Je ne suis pas amateur de MMO, alors je ne suis pas spécialement touché par FFXI etXIV… Mais je comprends parfaitement ce sentiment de monde qui disparaît, peut-être plus que d’autres… Je suis infographiste et j’ai un projet de film d’animation appelé Mon Village est magique, un long métrage basé sur des souvenirs d’enfance. J’ai travaillé dur dessus pendant 3 ans, j’ai créé des tas de choses en 3D, écrit des livres pour le scénario et réalisé un storyboard. Pourtant, pour des raisons économiques, le film ne verra jamais le jour. Le projet n’est pourtant pas mort, il y a des gens qui y croient et qui m’aident dessus, mais s’il voit le jour, il deviendra une série pour les plus jeunes, et tellement différente du projet original, que c’est comme comparer FFXIV 1.0 et 2.0.

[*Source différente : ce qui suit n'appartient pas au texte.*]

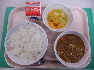 麦ご飯 ポークカレー フルーツポンチ 牛乳
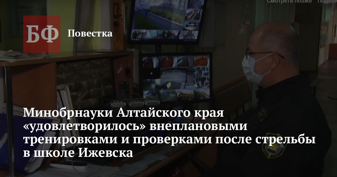26 сентября в школе № 88 Ижевска произошла стрельба — погибло 17 человек. На следующий день после трагедии ИА «Банкфакс» обратилось в пресс-службу Минобрнауки Алтайского края с вопросом о том, будет ли ведомство принимать меры для усиления безопасности в школах региона. Там заявили, что с конкретными действиями здесь определятся в течение суток.
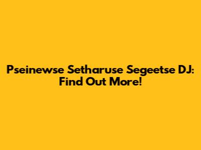 Pseinewse Setharuse Segeetse DJ: Find Out More!
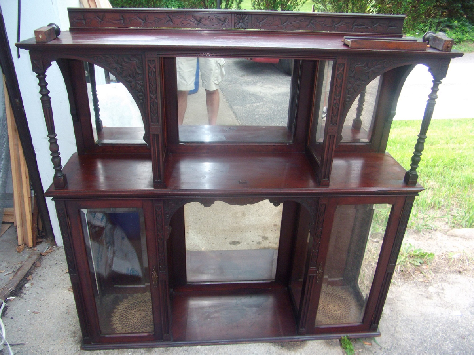 Re: Hand carved mahogany/ beveled glass curio

Cela me mène à une conclusion personnelle sur les mondes virtuels : ils existent partout, et certaines œuvres qui nous paraissent inaltérables (FFI à XIII par exemple) finiront elles aussi par disparaître. Ce sera peut-être dans 100 ans, suite à une guerre où un dictateur fou aura jugé qu’il est bon de faire disparaître tous les livres et tous les jeux qui sont dangereux pour la pensée ? Peut-être dans un million d’années lorsque la Terre disparaîtra pour une raison encore inconnue et que nous fuirons notre berceau en vaisseau spatial sans pouvoir emporter toutes ces données ? Ou pire encore, lorsque nous aurons usé toutes les ressources de notre planète et ne pourrons plus fabriquer le moindre ordinateur, et que nos descendants n’auront plus accès à la technologie ? Bref, tous ces mondes virtuels ne sont pas faits pour durer éternellement. Alors estimons-nous heureux de pouvoir en profiter !

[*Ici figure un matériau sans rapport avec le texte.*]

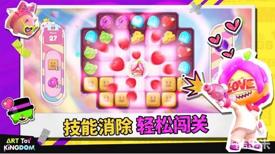 本作游戏中,所采用的是三消为主,结合箱庭摆放与模拟经营,目的是为玩家打造一个沉浸式代入感的潮玩世界。因此,相较于传统的消除游戏,我们还引入了全新的“潮玩”的世界观与角色概念,重新定义玩家与潮玩之间的关系,不再仅仅是消费者与消遣品的二元性,更多强调玩家与这些朝夕相处的伙伴们之间的好感度,亲密度。

J’aimerais donc dire qu’ils doivent continuer à vivre uniquement dans l’imaginaire et les souvenirs des joueurs, tout comme les histoires que l’on se raconte de génération en génération. C’est à nous, joueurs, de les entretenir à notre façon, en racontant l’histoire de ces mondes. Conservons des traces (des vidéos, des textes, des images) et montrons aux autres d’où vient notre passion. Je crois en tout cas que, même si des œuvres formidables disparaissent, beaucoup d’autres naissent régulièrement et prennent le relais. C’est triste pour certains auteurs, bien sûr, mais le monde réel prime sur le reste. Nous nous réfugions dans le virtuel pour oublier les mauvais moments de la vie, pour nous évader ou pour le plaisir selon les cas, mais n’oublions pas que notre vraie planète souffre elle aussi. Si la disparition d’un monde virtuel nous attriste tant, ne devrions-nous pas nous tourner vers notre propre avenir ?
– Simon
Partir d’un éditorial sur les mondes virtuels pour en arriver à la conclusion qu’il faut sauver notre propre planète, c’est quelque chose. Oui, c’est quelque chose.